Available data:
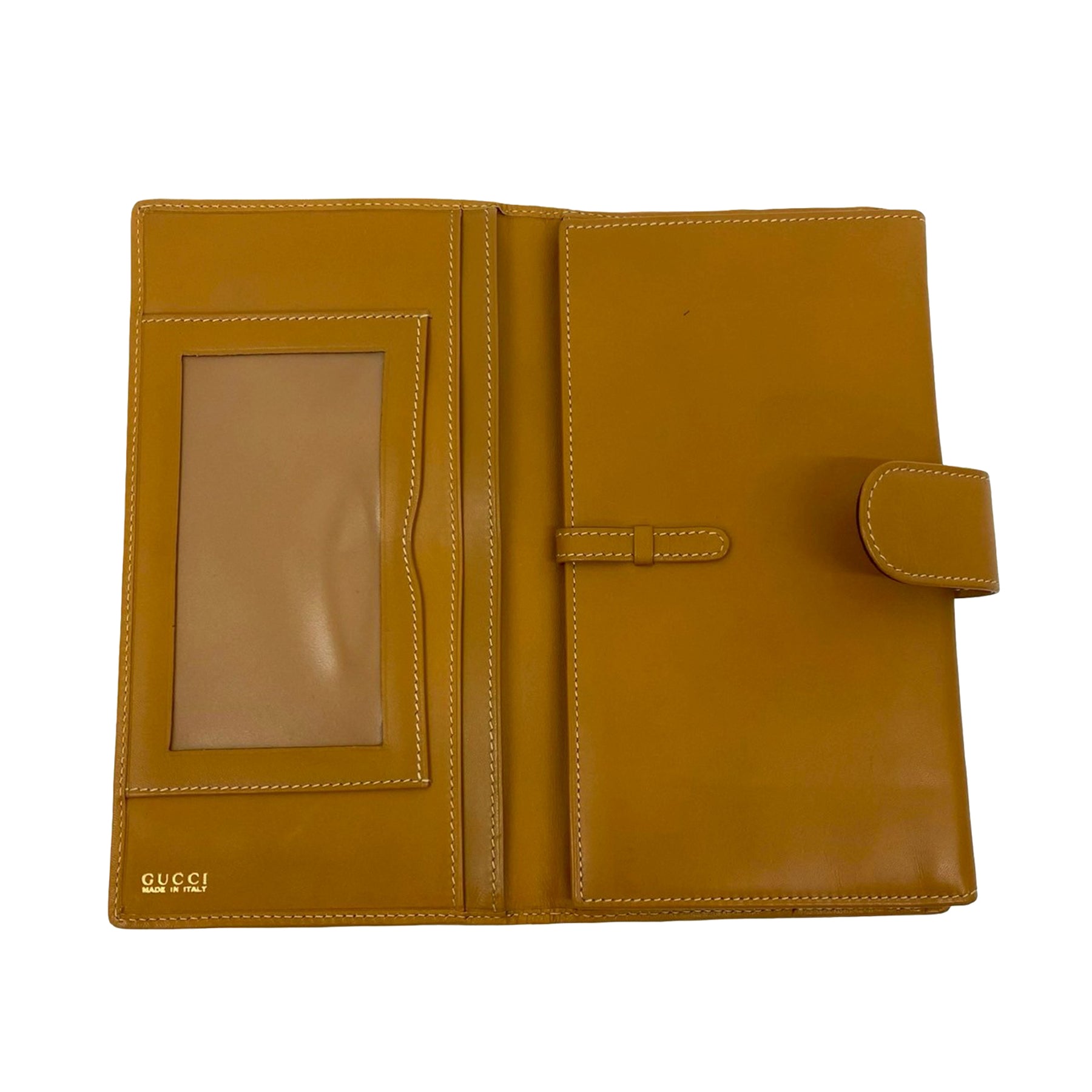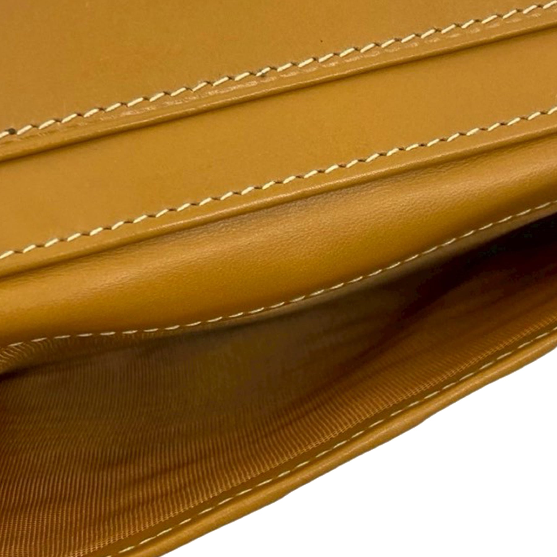 Ce portefeuille en toile et cuir est doté d'un compartiment à fermeture baiser, d'un format portefeuille avec bandoulière et de poches intérieures plaquées. Il est en bon état.
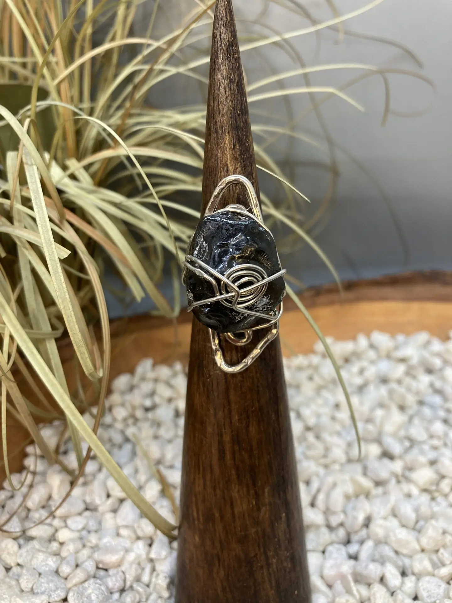 Apache Tear is a more gentle form of obsidian. It also aids in pyschic protection. Add to your mysticism with this raw apache tear ring.
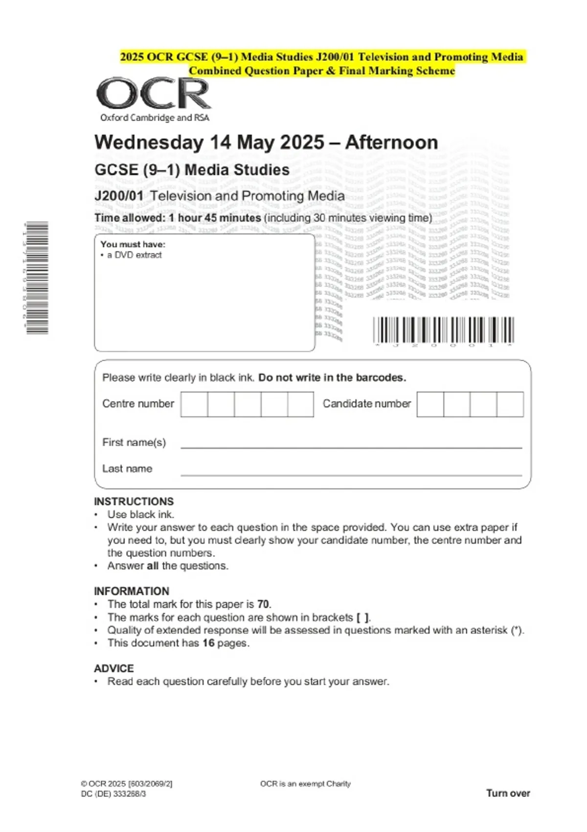 2025 OCR GCSE (9–1) Media Studies J200/01 Television and Promoting Media Question Paper and Final Evaluation Scheme
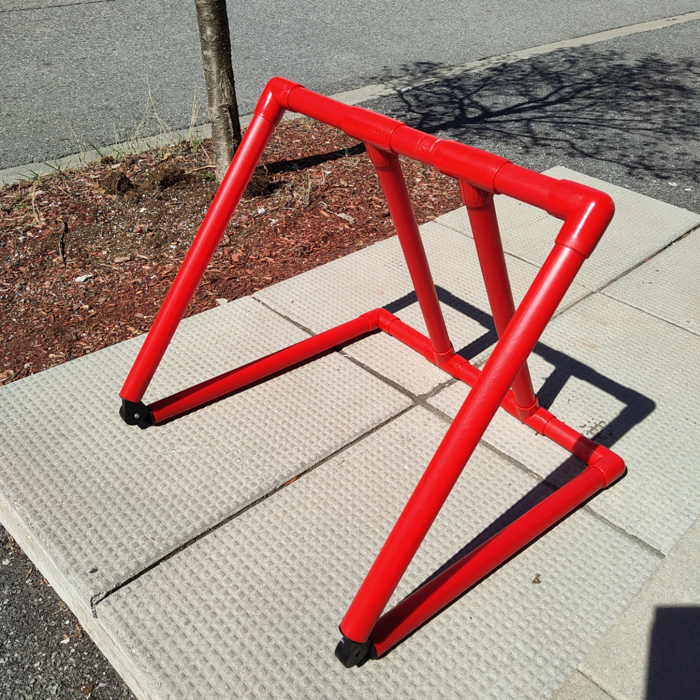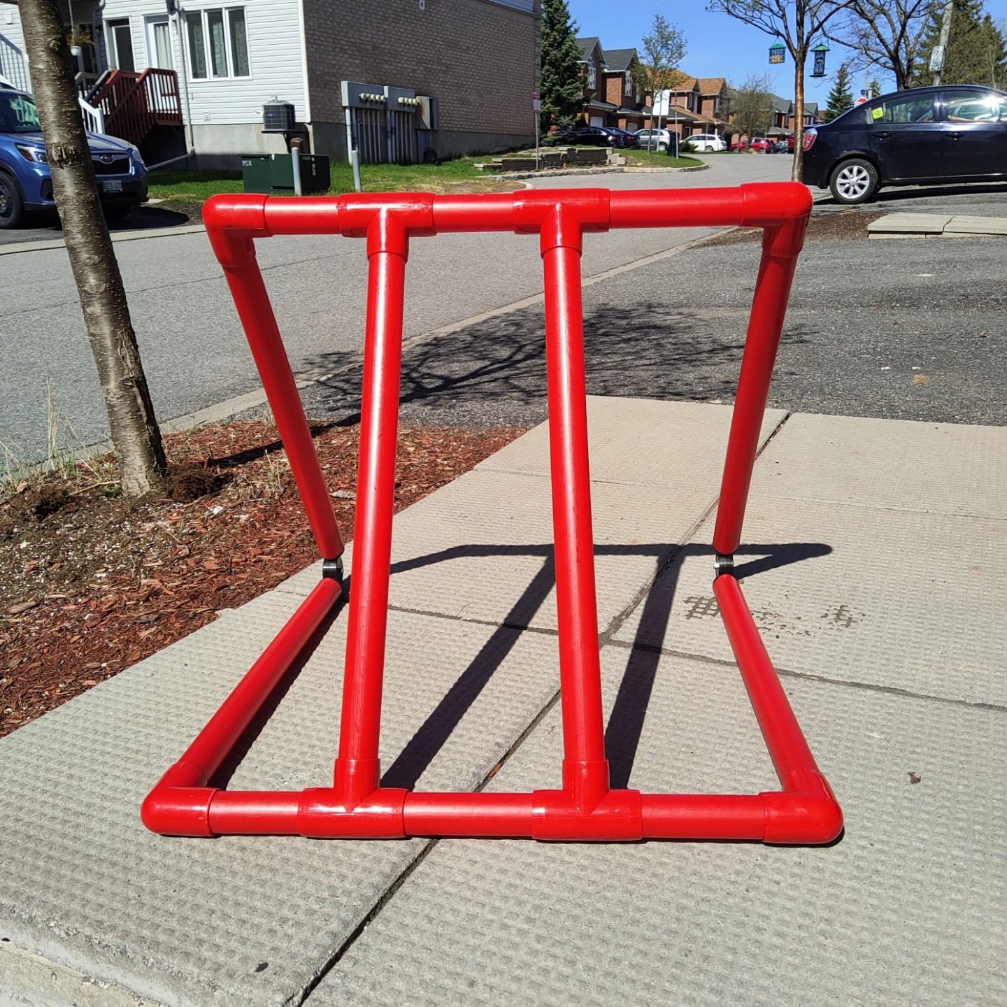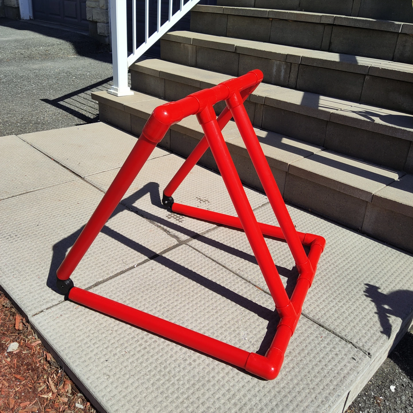 Red child's skating support. Model FI: 1057 (Lil' Skater). Ages 3 to 7. PVC construction. Portable and lightweight. Great for learning to skate. Made in Canada.
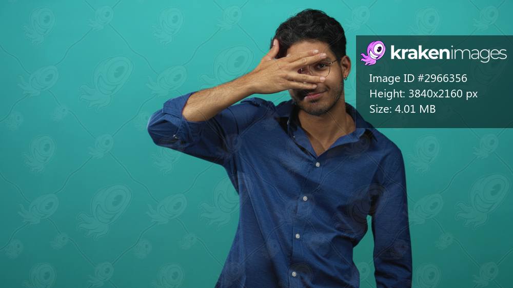 Man wearing glasses covers face with hand in studio, blue shirt visible and teal backdrop; playful confidence.

Exercise directions: When copying the material, leave every image behind and keep each line verbatim.

Task answer:
 Ce portefeuille en toile et cuir est doté d'un compartiment à fermeture baiser, d'un format portefeuille avec bandoulière et de poches intérieures plaquées. Il est en bon état.
 Apache Tear is a more gentle form of obsidian. It also aids in pyschic protection. Add to your mysticism with this raw apache tear ring.
 2025 OCR GCSE (9–1) Media Studies J200/01 Television and Promoting Media Question Paper and Final Evaluation Scheme
 Red child's skating support. Model FI: 1057 (Lil' Skater). Ages 3 to 7. PVC construction. Portable and lightweight. Great for learning to skate. Made in Canada.
 Man wearing glasses covers face with hand in studio, blue shirt visible and teal backdrop; playful confidence.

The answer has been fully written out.